UNITED STATES
SECURITIES AND EXCHANGE COMMISSION
Washington, D.C. 20549
FORM 8-K
CURRENT REPORT
PURSUANT TO SECTION 13 OR 15(d) OF THE
SECURITIES EXCHANGE ACT OF 1934
Date of report (Date of earliest event reported): September 26, 2008
ARBINET-THEXCHANGE, INC.
(Exact Name of Registrant as Specified in Charter)
Delaware | 0-51063 | 13-3930916 |
(State or Other Jurisdiction of Incorporation) | (Commission File Number) | (IRS Employer Identification No.) |
120 Albany Street, Tower II, Suite 450 New Brunswick, New Jersey | 08901 |
(Address of Principal Executive Offices) | (Zip Code) |
(732) 509-9100
(Registrant’s telephone number, including area code)
Not applicable
(Former Name or Former Address, if Changed Since Last Report)
Check the appropriate box below if the Form 8-K is intended to simultaneously satisfy the filing obligation of the registrant under any of the following provisions:
¨ Written communications pursuant to Rule 425 under the Securities Act (17 CFR 230.425).

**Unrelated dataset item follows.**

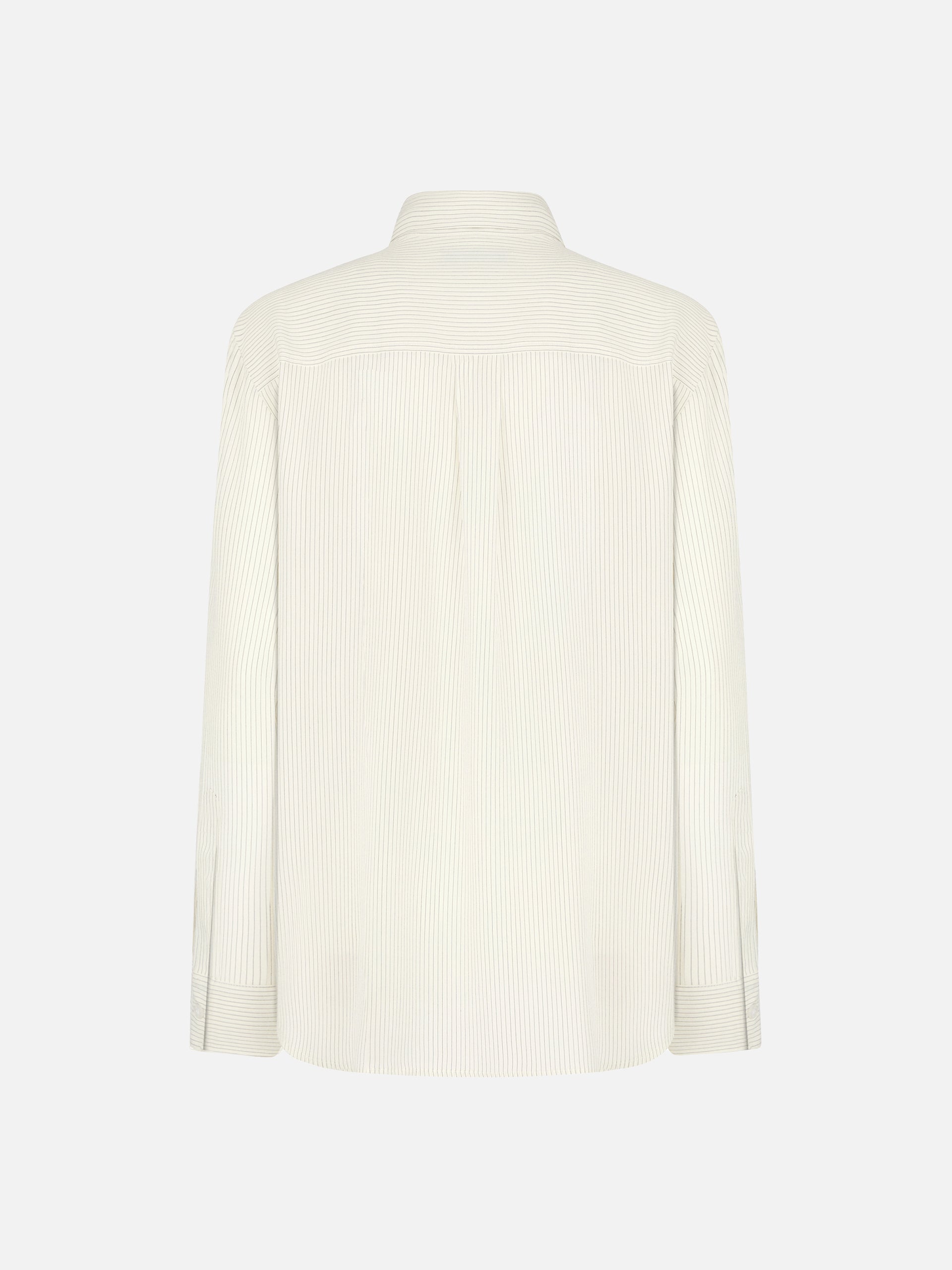 Chemise Anabas Kris signée Blazé Milano confectionnée en soie blanc cassé aux rayures bleu marine. Une chemise à la coupe droite accompagné d'une poche plaquée sur la poitrine.

¨ Soliciting material pursuant to Rule 14a-12 under the Exchange Act (17 CFR 240.14a-12).
¨ Pre-commencement communications pursuant to Rule 14d-2(b) under the Exchange Act (17 CFR 240.14d-2(b)).
¨ Pre-commencement communications pursuant to Rule 13e-4(c) under the Exchange Act (17 CFR 240.13e-4(c)).
Item 5.02 Departure of Directors or Certain Officers; Election of Directors; Appointment of Certain Officers; Compensatory Arrangements of Certain Officers.
Termination of Curt R. Koeppen
On September 26, 2008, Arbinet-thexchange, Inc. (the “Company”) terminated the employment of Curt R. Koeppen, the Chief Marketing Officer of the Company, without cause, effective September 30, 2008 (the “Termination Date”). Pursuant to the Employment Agreement, dated as of December 17, 2007, by and between the Company and Mr. Koeppen (the “Employment Agreement”), in connection with such termination, the Company will pay Mr. Koeppen an aggregate of approximately $331,891, consisting of:
· | a lump sum equal to the salary which would have otherwise been paid to Mr. Koeppen through December 17, 2008, or approximately $52,083; | |
· | payment for accrued vacation through the Termination Date, or approximately $4,808; | |
· | severance pay equal to 12 months’ base salary, or $250,000; and | |
· | reimbursement for certain COBRA payments for a period of 12 months following the Termination Date and an amount equal to employer contributions to the Company’s retirement plan for one year following the Termination Date, assuming he contributed the maximum amount to such plan, which amount to a payment of $25,000 in accordance with the limits placed on such payments by the terms of the Employment Agreement. |
SIGNATURES
Pursuant to the requirements of the Securities Exchange Act of 1934, the registrant has duly caused this report to be signed on its behalf by the undersigned hereunto duly authorized.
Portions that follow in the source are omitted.